By Eesha Pendharkar, Bangor Daily News Staff

DEXTER — A Dexter school will switch to remote instruction only this week after two people tested positive and were determined to have been in close contact with 51 staff and students.

Ridge View Community School in Dexter will only offer remote instruction until next week after the two students or staff members who tested positive for COVID-19 were found to have been in close contact with 41 students and 10 staff members, said Kevin Jordan, superintendent of Alternative Organizational Structure 94, which includes Dexter-area schools.

Schools across the state have regularly switched to remote instruction after positive cases were identified since the start of the school year. But, in large part, in-person education has continued in Maine since students returned to school at the start of the fall.

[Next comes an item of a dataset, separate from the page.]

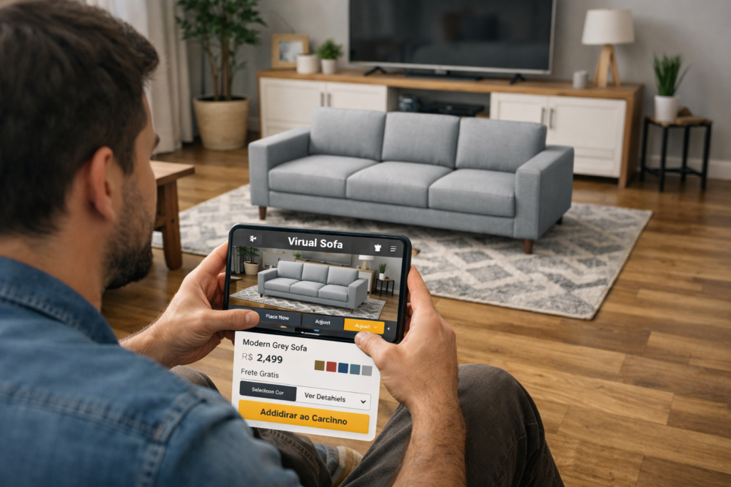 A realidade aumentada (AR) é a tecnologia que sobrepõe objetos digitais ao ambiente físico em tempo real. No e-commerce, isso significa que o consumidor pode ver o produto exatamente como ficaria na vida real, antes de comprar.

The protocols schools put into place — including smaller class sizes, social distancing in hallways and on buses, and the required use of face coverings — have prevented schools from becoming super-spreaders of the virus. Most cases at schools reflect the spread of COVID-19 in the communities where they’re located.

At Ridge View Community School, this is the second time in two weeks that someone associated with the school has tested positive for COVID-19. The first case of the year was reported over winter break and announced on Jan. 5, but is unrelated to the two new cases, Jordan said. The school does not yet qualify as the site of an outbreak, he said. An outbreak happens when there are three or more epidemiologically linked cases.

“This time, the number of staff members exposed is also playing into it a little bit,” he said. “As we don’t have enough substitutes that can be available on short notice, we wouldn’t be able to cover the absence of 10 staff members.”

No one who has been identified as a close contact is showing any symptoms associated with COVID-19, Jordan said. All 10 staff members are planning to teach their classes remotely for the next week. The school has instructed everyone to monitor their health but has not asked anyone to get tested.

After Martin Luther King Jr. Day, students in prekindergarten through fifth grade will return to full-time in-person instruction and grades 6-8 will return to the hybrid learning plan they have had in place since September, Jordan said.